Transcribe only the lines in the data below falling between the line with "An iconic Port" and the line with "Womens Woven Straw Slippers", including those two lines, and leave out any picture.
(Provided records Opens)
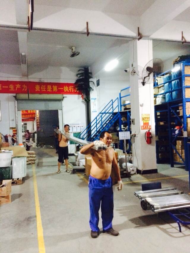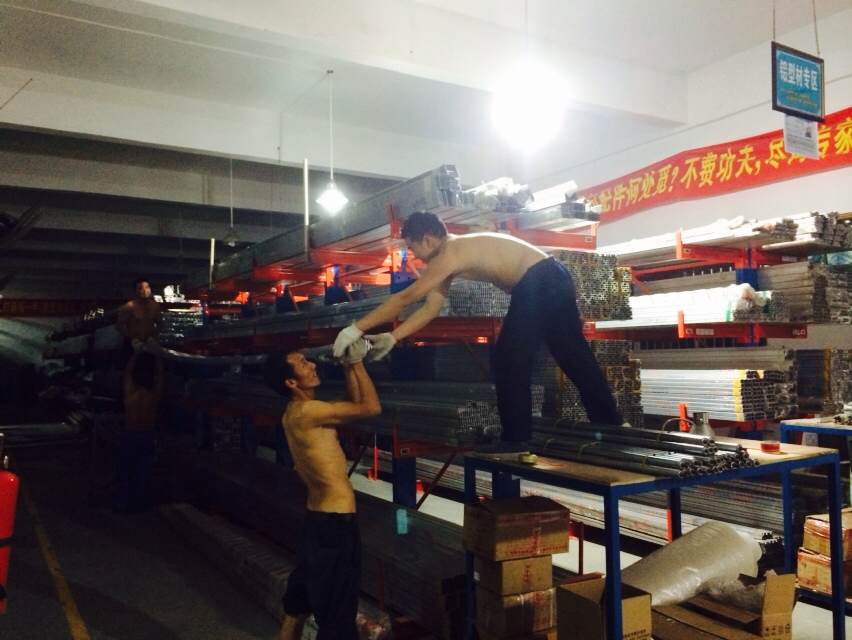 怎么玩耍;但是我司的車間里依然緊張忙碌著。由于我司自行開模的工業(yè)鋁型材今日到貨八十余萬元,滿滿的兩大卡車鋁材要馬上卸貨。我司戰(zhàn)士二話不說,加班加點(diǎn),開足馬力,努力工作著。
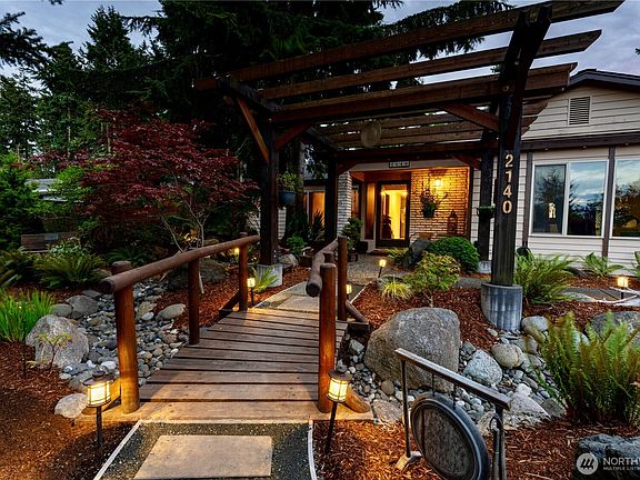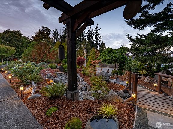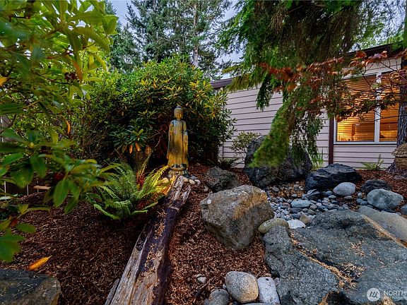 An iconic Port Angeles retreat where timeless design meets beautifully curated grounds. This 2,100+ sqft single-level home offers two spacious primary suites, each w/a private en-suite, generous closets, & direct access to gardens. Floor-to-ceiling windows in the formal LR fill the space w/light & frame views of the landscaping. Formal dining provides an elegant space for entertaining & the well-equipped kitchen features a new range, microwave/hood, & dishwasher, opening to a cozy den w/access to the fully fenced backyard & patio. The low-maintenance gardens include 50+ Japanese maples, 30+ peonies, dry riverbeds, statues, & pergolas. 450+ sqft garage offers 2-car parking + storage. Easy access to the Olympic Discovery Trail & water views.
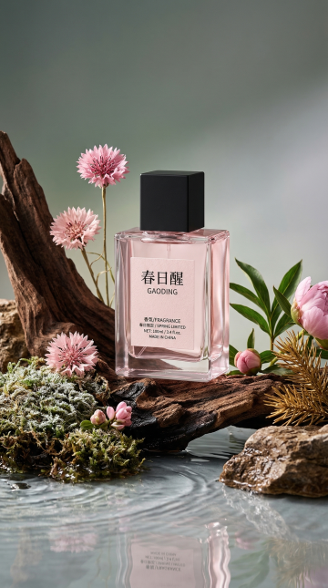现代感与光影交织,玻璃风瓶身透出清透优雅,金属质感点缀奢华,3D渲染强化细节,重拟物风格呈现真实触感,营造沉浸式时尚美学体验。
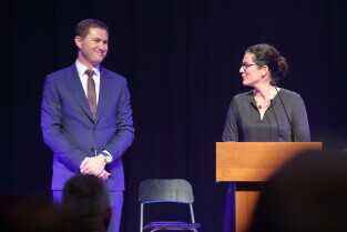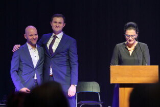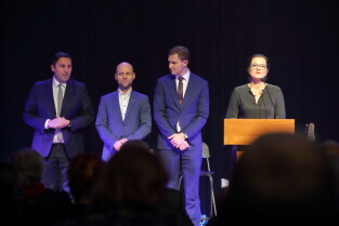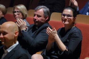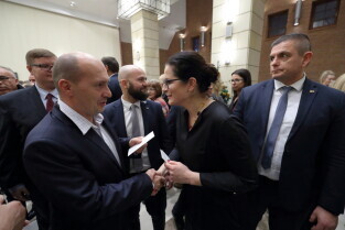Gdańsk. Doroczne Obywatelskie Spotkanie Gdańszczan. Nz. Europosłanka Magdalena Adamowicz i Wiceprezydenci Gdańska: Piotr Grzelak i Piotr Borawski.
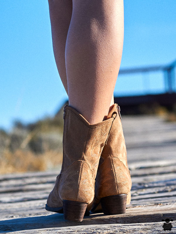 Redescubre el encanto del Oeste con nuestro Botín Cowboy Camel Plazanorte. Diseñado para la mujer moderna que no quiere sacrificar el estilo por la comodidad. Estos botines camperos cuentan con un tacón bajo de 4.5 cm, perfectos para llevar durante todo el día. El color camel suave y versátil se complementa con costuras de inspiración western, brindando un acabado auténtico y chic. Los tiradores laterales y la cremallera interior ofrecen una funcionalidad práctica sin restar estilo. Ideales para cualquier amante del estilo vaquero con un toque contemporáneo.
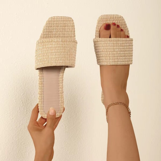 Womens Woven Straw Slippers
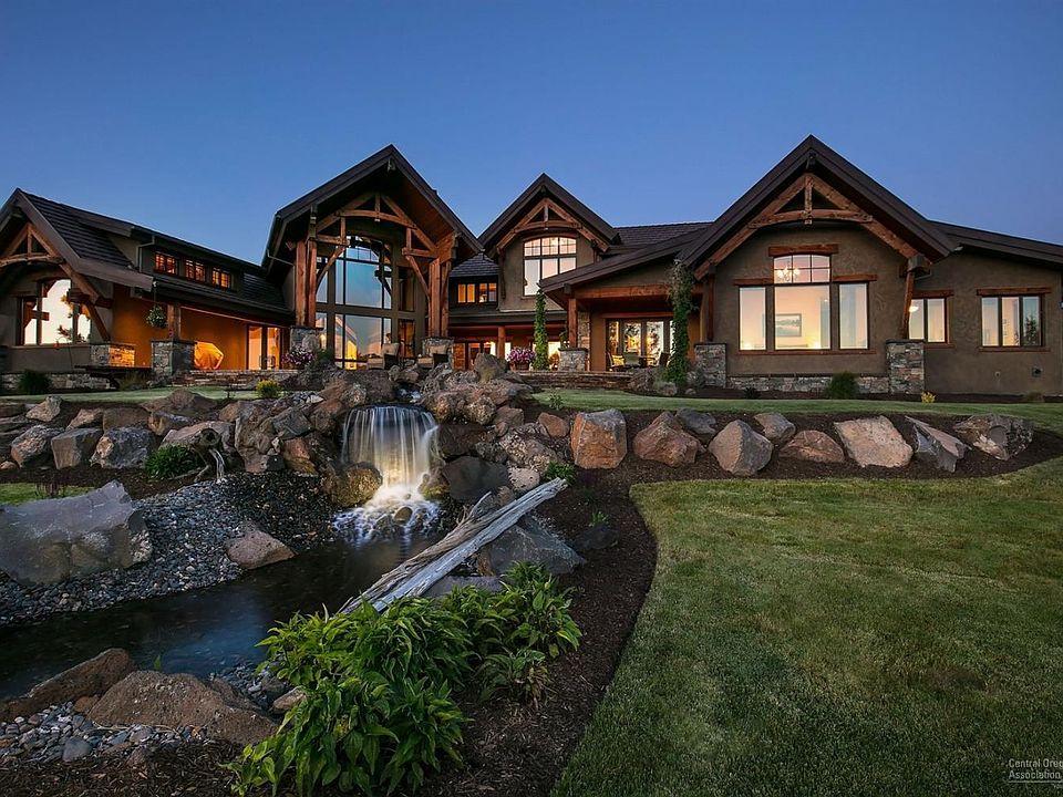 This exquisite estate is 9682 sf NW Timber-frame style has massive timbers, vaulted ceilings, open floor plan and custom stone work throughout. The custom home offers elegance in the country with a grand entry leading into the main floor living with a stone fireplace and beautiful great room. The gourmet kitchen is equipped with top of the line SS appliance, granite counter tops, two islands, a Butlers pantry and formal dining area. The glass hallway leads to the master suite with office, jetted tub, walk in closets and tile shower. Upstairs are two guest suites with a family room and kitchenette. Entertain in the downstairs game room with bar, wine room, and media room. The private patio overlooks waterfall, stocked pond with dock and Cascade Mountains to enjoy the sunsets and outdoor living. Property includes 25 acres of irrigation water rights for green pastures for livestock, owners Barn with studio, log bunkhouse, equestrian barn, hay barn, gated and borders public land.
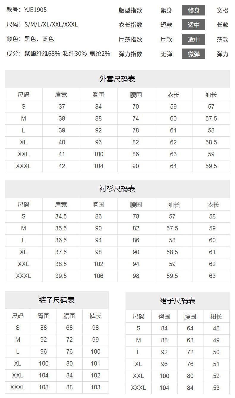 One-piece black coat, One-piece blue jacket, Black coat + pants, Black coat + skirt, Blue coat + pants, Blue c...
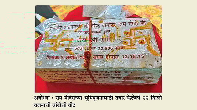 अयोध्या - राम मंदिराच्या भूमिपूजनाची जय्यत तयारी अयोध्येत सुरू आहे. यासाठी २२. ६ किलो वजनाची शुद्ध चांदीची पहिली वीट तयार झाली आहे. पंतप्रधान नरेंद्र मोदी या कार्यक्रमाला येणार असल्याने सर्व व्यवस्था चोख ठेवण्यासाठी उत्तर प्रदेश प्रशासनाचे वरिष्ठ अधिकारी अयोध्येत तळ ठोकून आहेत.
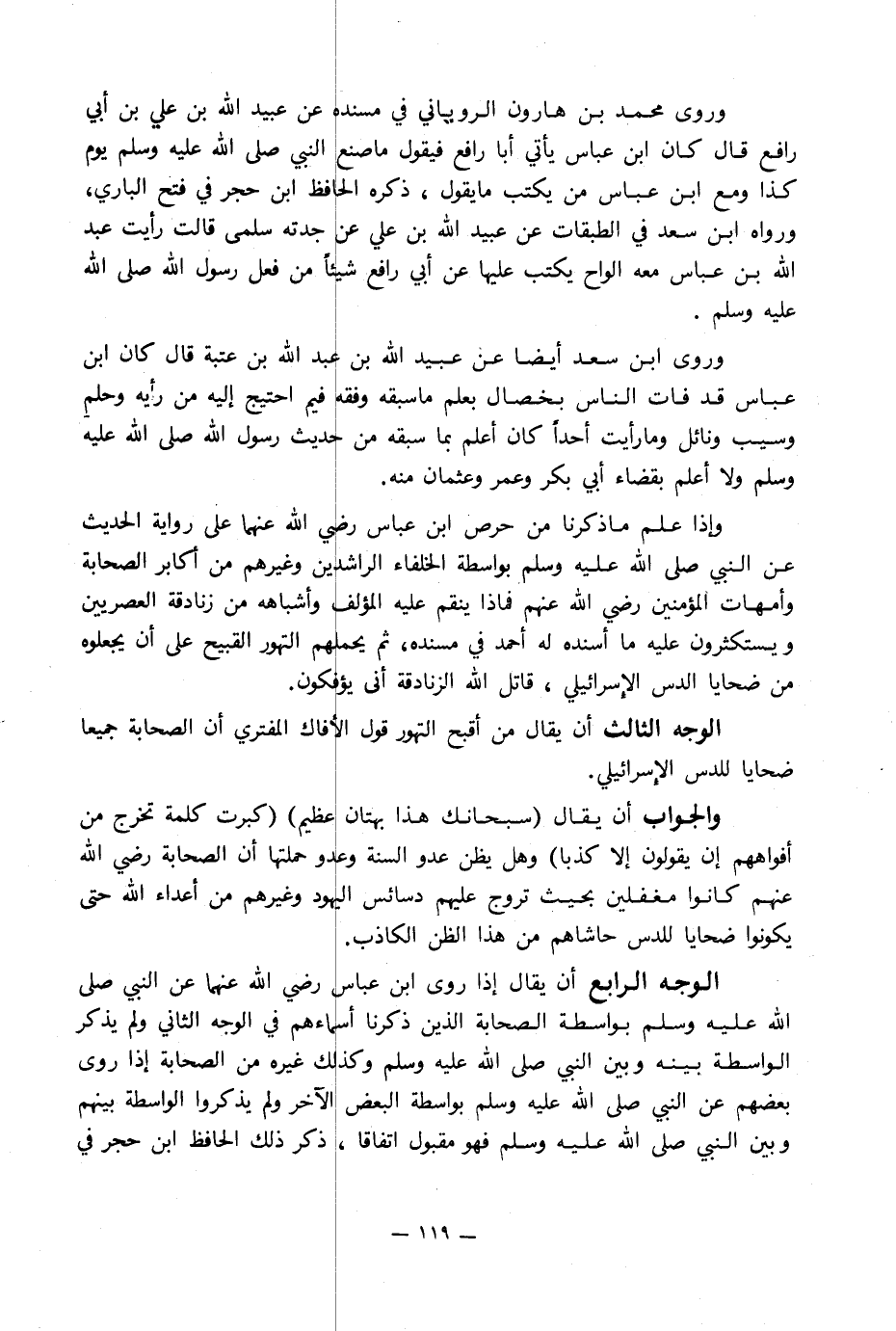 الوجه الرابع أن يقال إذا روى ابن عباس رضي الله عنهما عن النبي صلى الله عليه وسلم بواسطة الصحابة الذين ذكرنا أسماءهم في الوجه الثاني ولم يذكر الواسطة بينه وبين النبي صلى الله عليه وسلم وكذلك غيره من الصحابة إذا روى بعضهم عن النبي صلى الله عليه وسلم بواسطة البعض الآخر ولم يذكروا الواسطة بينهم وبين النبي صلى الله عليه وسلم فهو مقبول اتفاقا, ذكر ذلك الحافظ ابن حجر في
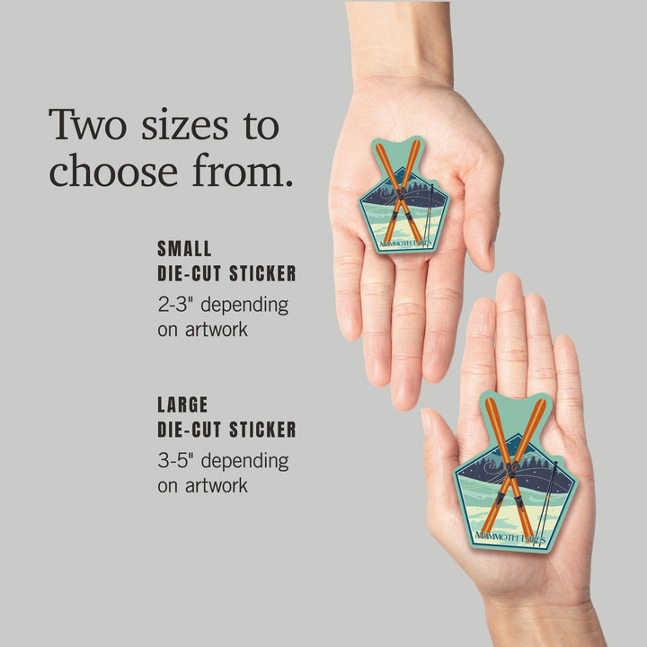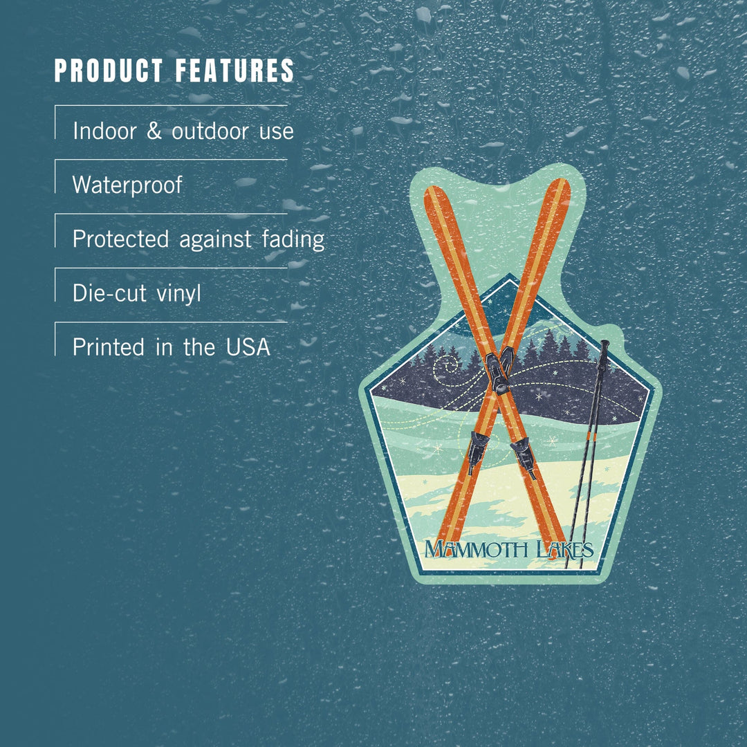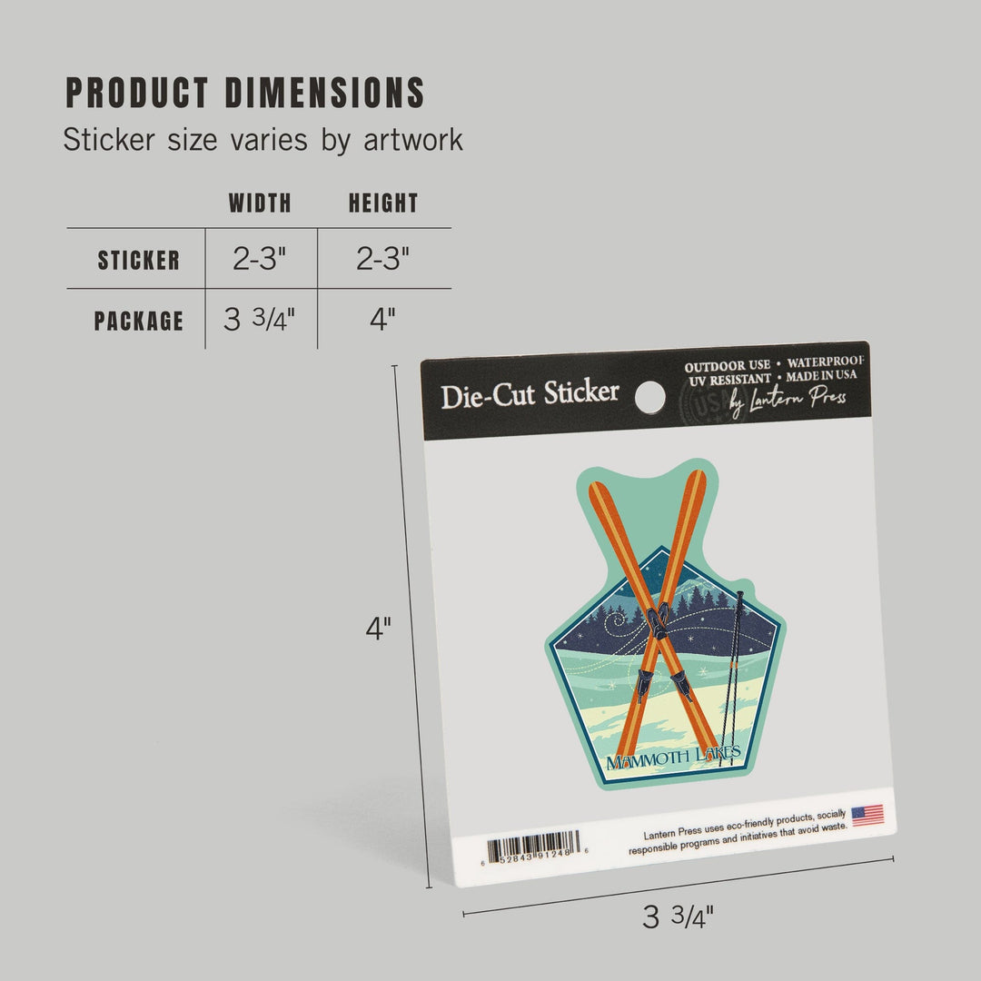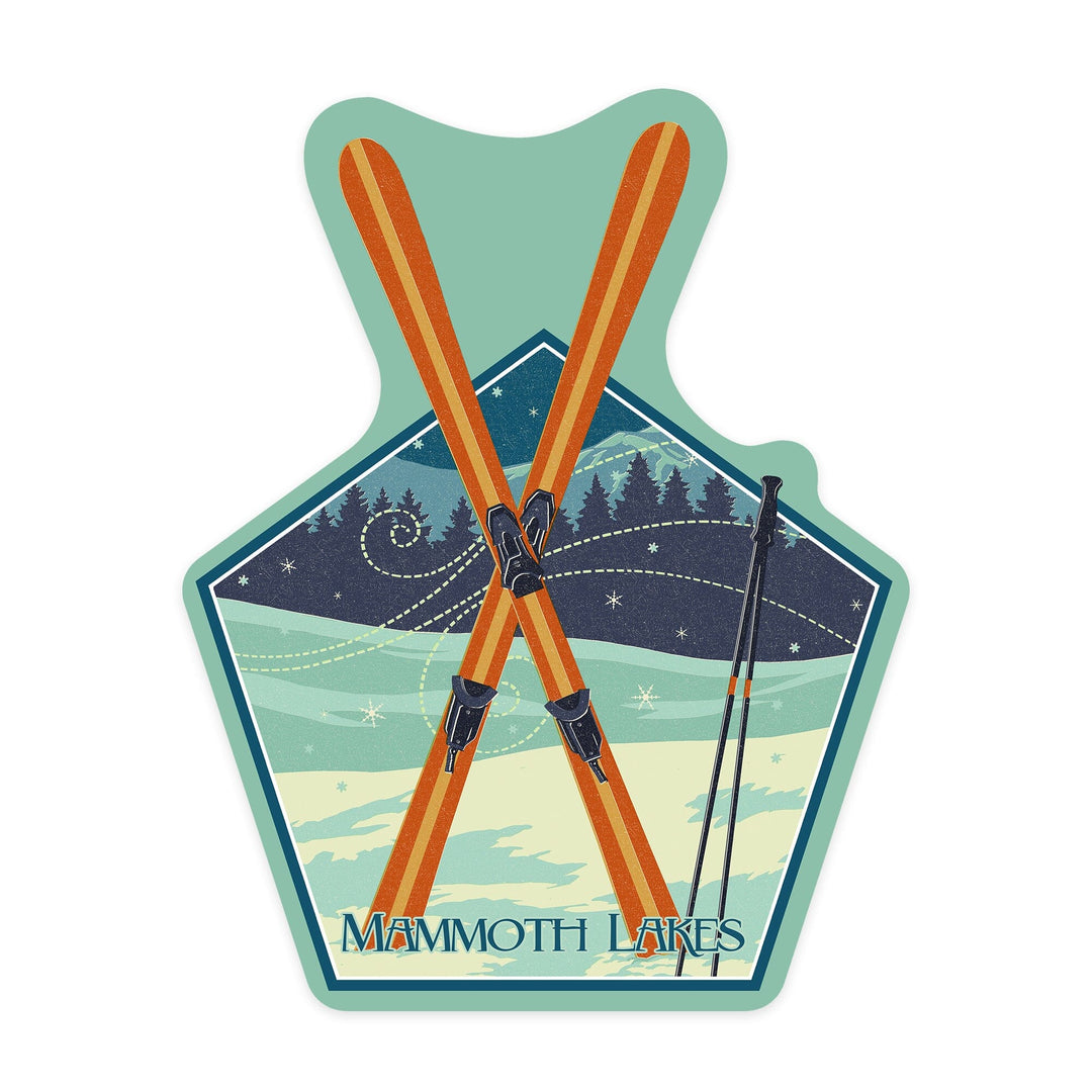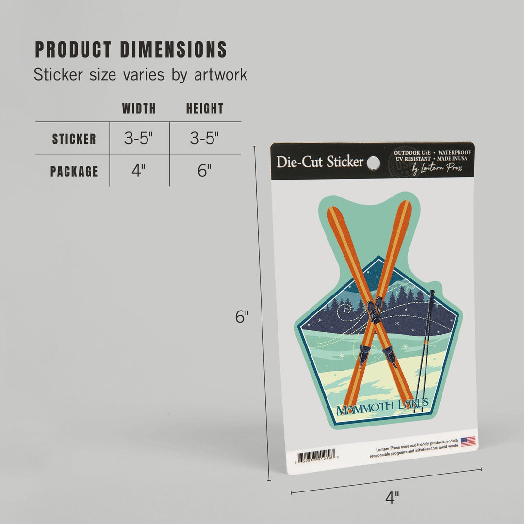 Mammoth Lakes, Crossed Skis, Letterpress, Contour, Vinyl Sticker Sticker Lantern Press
(Provided records Closes)
Response box:
 An iconic Port Angeles retreat where timeless design meets beautifully curated grounds. This 2,100+ sqft single-level home offers two spacious primary suites, each w/a private en-suite, generous closets, & direct access to gardens. Floor-to-ceiling windows in the formal LR fill the space w/light & frame views of the landscaping. Formal dining provides an elegant space for entertaining & the well-equipped kitchen features a new range, microwave/hood, & dishwasher, opening to a cozy den w/access to the fully fenced backyard & patio. The low-maintenance gardens include 50+ Japanese maples, 30+ peonies, dry riverbeds, statues, & pergolas. 450+ sqft garage offers 2-car parking + storage. Easy access to the Olympic Discovery Trail & water views.
现代感与光影交织,玻璃风瓶身透出清透优雅,金属质感点缀奢华,3D渲染强化细节,重拟物风格呈现真实触感,营造沉浸式时尚美学体验。
Gdańsk. Doroczne Obywatelskie Spotkanie Gdańszczan. Nz. Europosłanka Magdalena Adamowicz i Wiceprezydenci Gdańska: Piotr Grzelak i Piotr Borawski.
 Redescubre el encanto del Oeste con nuestro Botín Cowboy Camel Plazanorte. Diseñado para la mujer moderna que no quiere sacrificar el estilo por la comodidad. Estos botines camperos cuentan con un tacón bajo de 4.5 cm, perfectos para llevar durante todo el día. El color camel suave y versátil se complementa con costuras de inspiración western, brindando un acabado auténtico y chic. Los tiradores laterales y la cremallera interior ofrecen una funcionalidad práctica sin restar estilo. Ideales para cualquier amante del estilo vaquero con un toque contemporáneo.
 Womens Woven Straw Slippers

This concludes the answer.